Prompt:
From the line that contains "COACH コーチ コインケース" to the final line below, both included, print each line exactly and skip the pictures.

Input data:
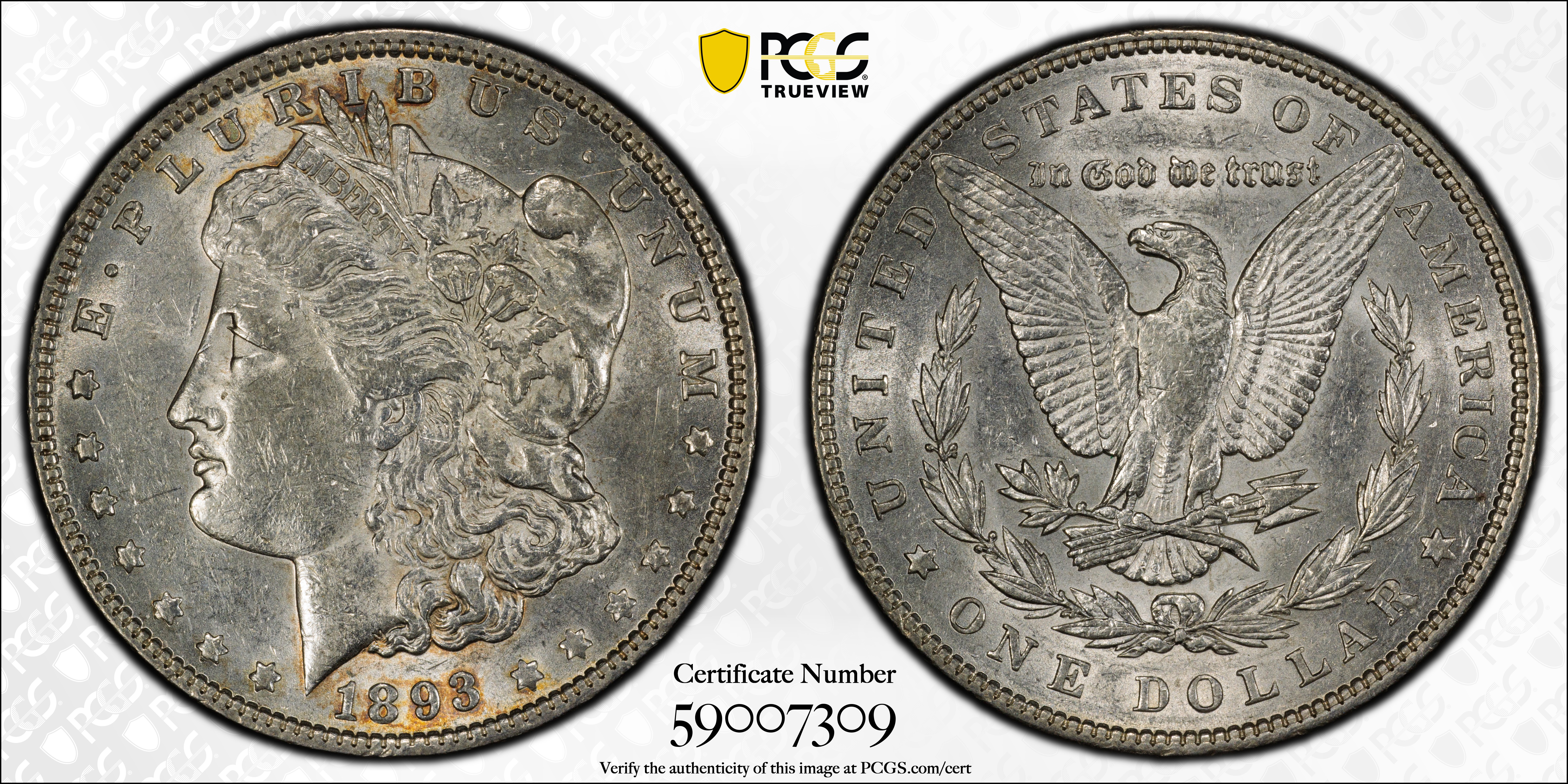 1893 $1 AU50 Certification #59007309, PCGS #7220
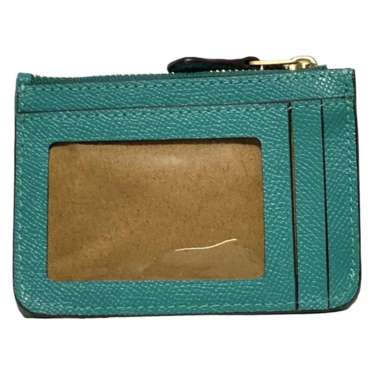 COACH コーチ コインケース ミニスキニー CH 810 ブルーグリーン パスケース付き キーリング付き レザー
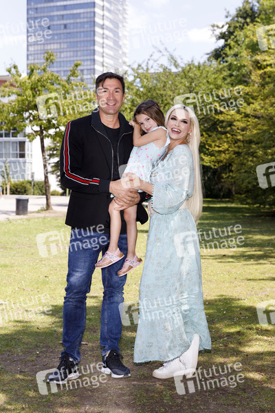 Daniela Katzenberger mit Ehemann Lucas Cordalis und Tochter Sophia beim Fototermin zur der Präsentation ihres neuen Buches 'Die Mutti-Mafia - kann mich mal... gernhaben' auf dem Spielplatz Mediapark. Köln, 13.07.202
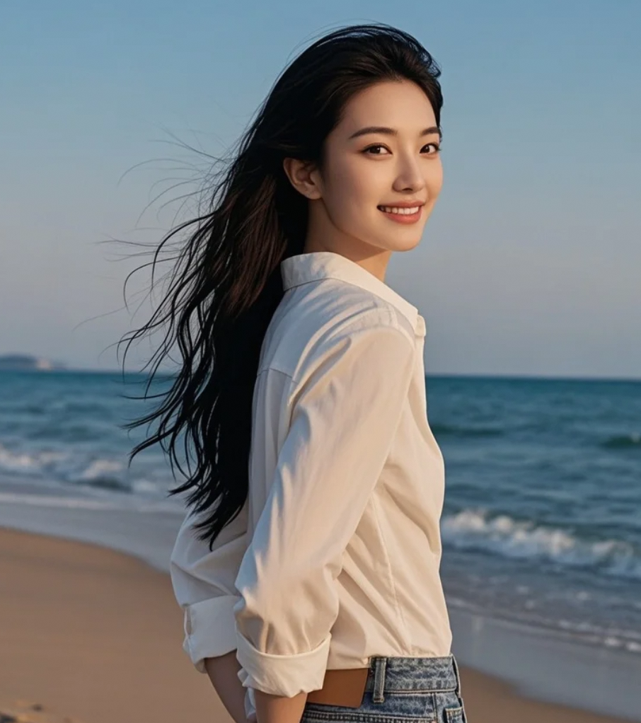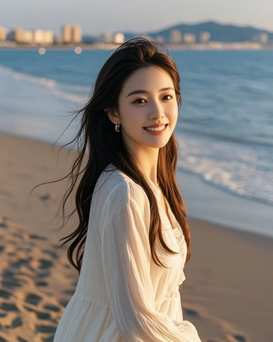 沙滩上长发轻舞,晚风拂面,尽显优雅脱俗气质

Exercise result:
 COACH コーチ コインケース ミニスキニー CH 810 ブルーグリーン パスケース付き キーリング付き レザー
 Daniela Katzenberger mit Ehemann Lucas Cordalis und Tochter Sophia beim Fototermin zur der Präsentation ihres neuen Buches 'Die Mutti-Mafia - kann mich mal... gernhaben' auf dem Spielplatz Mediapark. Köln, 13.07.202
 沙滩上长发轻舞,晚风拂面,尽显优雅脱俗气质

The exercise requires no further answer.